AIM OF THE EXERCISE – Leave the pictures out. Return the rest of the listing below exactly.

INPUT DATA –
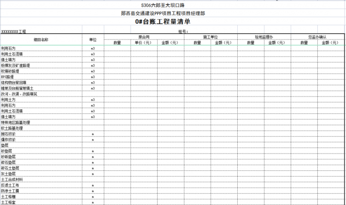 一個(gè)項(xiàng)目或一個(gè)合同段的臺(tái)賬由n條可以獨(dú)立計(jì)量的工程結(jié)構(gòu)(單元)組成,一般情況下一條臺(tái)賬應(yīng)包含子目號(hào)、子目名稱、單位、工程數(shù)量、單價(jià)、合價(jià)、里程樁號(hào)、工程部位描述、圖紙編號(hào)、備注說明等。
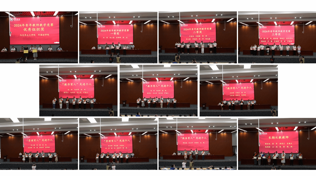 党委委员、副院长刘培圣宣读了《2024年颁发长期从教荣誉证书的决定》《2024年度“三育人”先进个人表彰决定》《宣读第五届青年教师教学竞赛获奖决定》。与会领导为受表彰教师颁发了荣誉证书并合影留念。新入职教师代表为长期从教教师献上鲜花,表达对他们崇高的敬意,长期从教教师为新入职教师代表佩戴校徽,寄予青年才俊以美好的期望,完成责任与使命的交接与延续。从教30周年教师代表杨剑影、获奖教师代表尹海文、新教师代表曹建洋分别结合自己的工作实际和切身感受,对教师这一岗位诠释了自己的理解,引发了参会教师们的强烈情感共鸣。
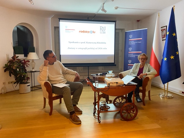 W czwartek 20 listopada 2025 r. Pani Profesor Katarzyna Kłosińska, podczas spotkania w Ambasadzie RP w Luksemburgu, przedstawiła główne założenia reformy ortografii, która wchodzi w życie 1 stycznia 2026 r. Spotkanie zostało zorganizowane we współpracy ze Stowarzyszeniem Rodziców APEEPL oraz Klubem Reja. W spotkaniu wzięli udział nauczyciele i uczniowie ze Szkoły Polskiej im. Marii Skłodowskiej-Curie oraz z sekcji polskiej Szkoły Europejskiej.
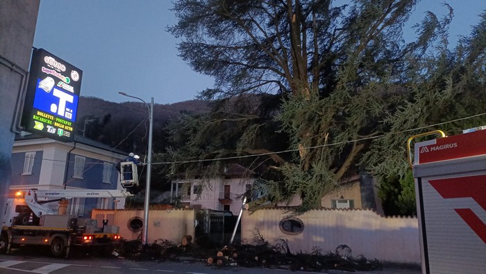 CANNOBIO - 20-12-2024 -- Il forte vento che dalla notte soffia nel Vco ha causato diversi problemi, che hanno richiesto l’intervento dei vigili del fuoco. Rami di un albero sono caduti sulla statale 34 del Lago Maggiore, in zona Carmine di Cannobio, ma il problema maggiore s’è verificato a Crusinallo. Attorno alle 4 un cedro di una villa privata affacciato sulla strada statale 229 del Lago d’Orta s’è spezzato e una parte s’è schiantata sulla strada. Nel cadere i rami hanno tranciato la linea elettrica, provocando un’interruzione che è durata più ore. Sul posto sono intervenuti i vigili del fuoco e la strada è stata chiusa. L’intenso traffico del mattino sulla direttrice Omegna-Gravellona Toce è stato deviato verso la località Verta, con code e rallentamenti.

WORKED SOLUTION –
 一個(gè)項(xiàng)目或一個(gè)合同段的臺(tái)賬由n條可以獨(dú)立計(jì)量的工程結(jié)構(gòu)(單元)組成,一般情況下一條臺(tái)賬應(yīng)包含子目號(hào)、子目名稱、單位、工程數(shù)量、單價(jià)、合價(jià)、里程樁號(hào)、工程部位描述、圖紙編號(hào)、備注說明等。
 党委委员、副院长刘培圣宣读了《2024年颁发长期从教荣誉证书的决定》《2024年度“三育人”先进个人表彰决定》《宣读第五届青年教师教学竞赛获奖决定》。与会领导为受表彰教师颁发了荣誉证书并合影留念。新入职教师代表为长期从教教师献上鲜花,表达对他们崇高的敬意,长期从教教师为新入职教师代表佩戴校徽,寄予青年才俊以美好的期望,完成责任与使命的交接与延续。从教30周年教师代表杨剑影、获奖教师代表尹海文、新教师代表曹建洋分别结合自己的工作实际和切身感受,对教师这一岗位诠释了自己的理解,引发了参会教师们的强烈情感共鸣。
 W czwartek 20 listopada 2025 r. Pani Profesor Katarzyna Kłosińska, podczas spotkania w Ambasadzie RP w Luksemburgu, przedstawiła główne założenia reformy ortografii, która wchodzi w życie 1 stycznia 2026 r. Spotkanie zostało zorganizowane we współpracy ze Stowarzyszeniem Rodziców APEEPL oraz Klubem Reja. W spotkaniu wzięli udział nauczyciele i uczniowie ze Szkoły Polskiej im. Marii Skłodowskiej-Curie oraz z sekcji polskiej Szkoły Europejskiej.
 CANNOBIO - 20-12-2024 -- Il forte vento che dalla notte soffia nel Vco ha causato diversi problemi, che hanno richiesto l’intervento dei vigili del fuoco. Rami di un albero sono caduti sulla statale 34 del Lago Maggiore, in zona Carmine di Cannobio, ma il problema maggiore s’è verificato a Crusinallo. Attorno alle 4 un cedro di una villa privata affacciato sulla strada statale 229 del Lago d’Orta s’è spezzato e una parte s’è schiantata sulla strada. Nel cadere i rami hanno tranciato la linea elettrica, provocando un’interruzione che è durata più ore. Sul posto sono intervenuti i vigili del fuoco e la strada è stata chiusa. L’intenso traffico del mattino sulla direttrice Omegna-Gravellona Toce è stato deviato verso la località Verta, con code e rallentamenti.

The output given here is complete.